Justin Bieber benefits from double standard, while Richard Sherman is smeared as a ‘thug’

Calling Justin Bieber a thug does not make the racial insults hurled at Richard Sherman any more palatable, so let’s stop with that half-hearted campaign.

Yes, we have work to do with racism in this country and there are very real and clear disparities in how people of different races are portrayed in the media and handled in the justice system.

But under no circumstances is Bieber a thug. He’s a 19-year-old singer who got popped for a DUI while allegedly drag racing and is accused of egging a neighbor’s house. No thug in the history of thuggery ever egged anyone’s home. Sure, he was filmed urinating in a restaurant’s mop bucket, got into a physical altercation with a DJ over song selection, had his home raided by police last week (part of the egging investigation) and has a bevy of friends with “Lil” in their names, but that makes him seem more like an entitled brat who wants a tough guy image, not a thug.

Sherman is a talented, 25-year-old, Compton-raised, Stanford-educated, trash-talking NFL cornerback who is going to the Super Bowl.  He’s no thug either. His amped on-field interview after winning the NFC championship game generated an onslaught of racist bile via social media and “thug” was a frequent word used to describe him.  In a press conference a few days after, Sherman acknowledged that his boastful tirade might have been immature, but maintained that calling him a thug was the more politically correct version of calling him the n-word.

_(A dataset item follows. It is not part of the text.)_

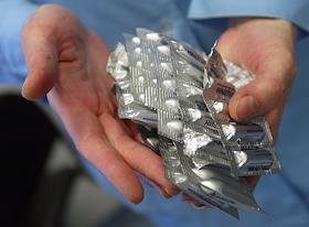 Производство медикаментов на ОАО "Нижфарм". Блистеры со свечами в руках упаковщицы.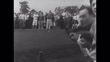 At Fresh Meadow Country Club, crowds of people watch as professional golfers Gene Sarazen and Tommy Armour compete during a tournament. Both wear knickers as golf pants. Armour is seen sinking the final putt and wins a trophy, New York, U.S.A., 1930. Gene Sarazen was an American professional golfer, one of the world's top players in the 1920s and 1930s, and the winner of seven major championships.Thomas Dickson Armour was a Scottish-American professional golfer. He was nicknamed The Silver Scot. He was the winner of three of golf's major championships: 1927 U.S. Open, 1930 PGA, and 1931 Open Championship. Armour popularized the term yips, the colloquial term for a sudden and unexplained loss of skills in experienced athletes.

“The only reason it bothers me is it seems like it’s an accepted way of calling someone the n-word nowadays. It’s like everybody else said the n-word and they said thug and they’re like, ‘that’s fine.’ That’s where it kind of takes me aback. It’s kind of disappointing because they know. What is the definition of a thug, really,” said Sherman.

Bieber hasn’t been called a thug because he’s not one and his white skin and Canadian birth certificate prevent most people from calling him that regardless of his behavior. Sherman has been called a thug because he’s a black male athlete who is unafraid to remind everyone about his domination on the football field and he occasionally does that in a spirited way.

Instead of trying to put the square thug peg into the round slot that is Bieber, we should instead focus that energy on changing the long-held perception of black men as violent, dangerous beings.  Calling Bieber a thug is just a continuation of misusing labels.  The more practical but also much more difficult course of action is to have a nuanced national conversation about this country’s obsession with assigning aggression to every black male action.

As far as Bieber is concerned, there is another important issue attached to his and that is immigration. In a recent blog post, the ACLU pointed out that if Canadian citizen/American resident Bieber were more like his non-famous fellow immigrants, his recent run-ins with the law would likely lead to deportation. But Bieber is white, is from a predominately white country and has millions of dollars. We have an idea of how the deportation story will end for him and it is very different than the ending might be for, say, a Haitian immigrant whose home was raided and who was arrested for a DUI, drag racing and driving with an expired license.

There are obvious double standards in this country. How do we address them in a productive way?